*MATERIAL TO PROCESS*:
▬▬▬▬▬▬▬▬▬▬
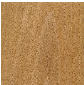
Sycamore Flat sawn
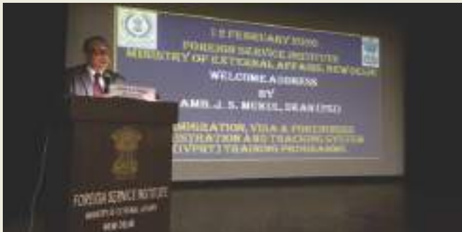
Dean (SSIFS) welcoming participants of IVFRT Training
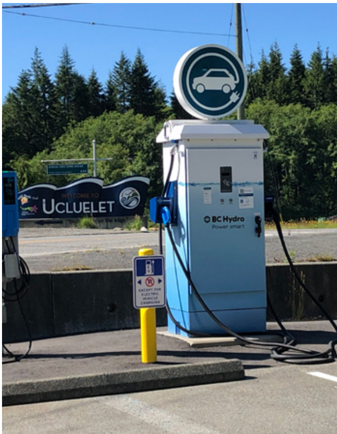
Electric vehicle charging station at the Tofino/Ucluelet junction.
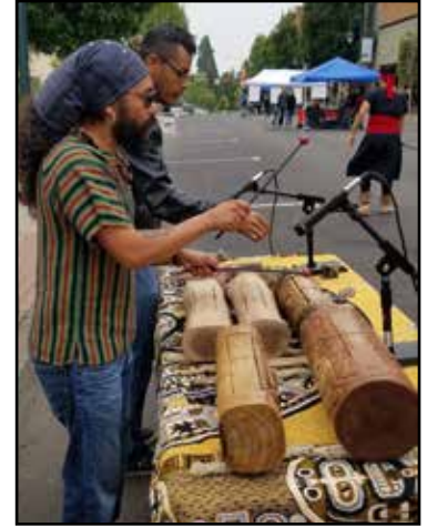
Huehca Omeiyocan played during Chalk Art.

Thank you to our main sponsors Woodfold MFG. Inc.; Ballard Town Chiropractic Clinic; Forest Grove High School; City of Forest Grove — Engineering, Parks, Street depart-
▬▬▬▬▬▬▬▬▬▬
*WORK INSTRUCTION*: An exact restatement of the lines from the one holding "Electric vehicle charging" through the end of the entries, both ends included, is the whole answer. Pictures stay out.

*OUTPUT FOR THIS EXERCISE*:
Electric vehicle charging station at the Tofino/Ucluelet junction.
Huehca Omeiyocan played during Chalk Art.

Thank you to our main sponsors Woodfold MFG. Inc.; Ballard Town Chiropractic Clinic; Forest Grove High School; City of Forest Grove — Engineering, Parks, Street depart-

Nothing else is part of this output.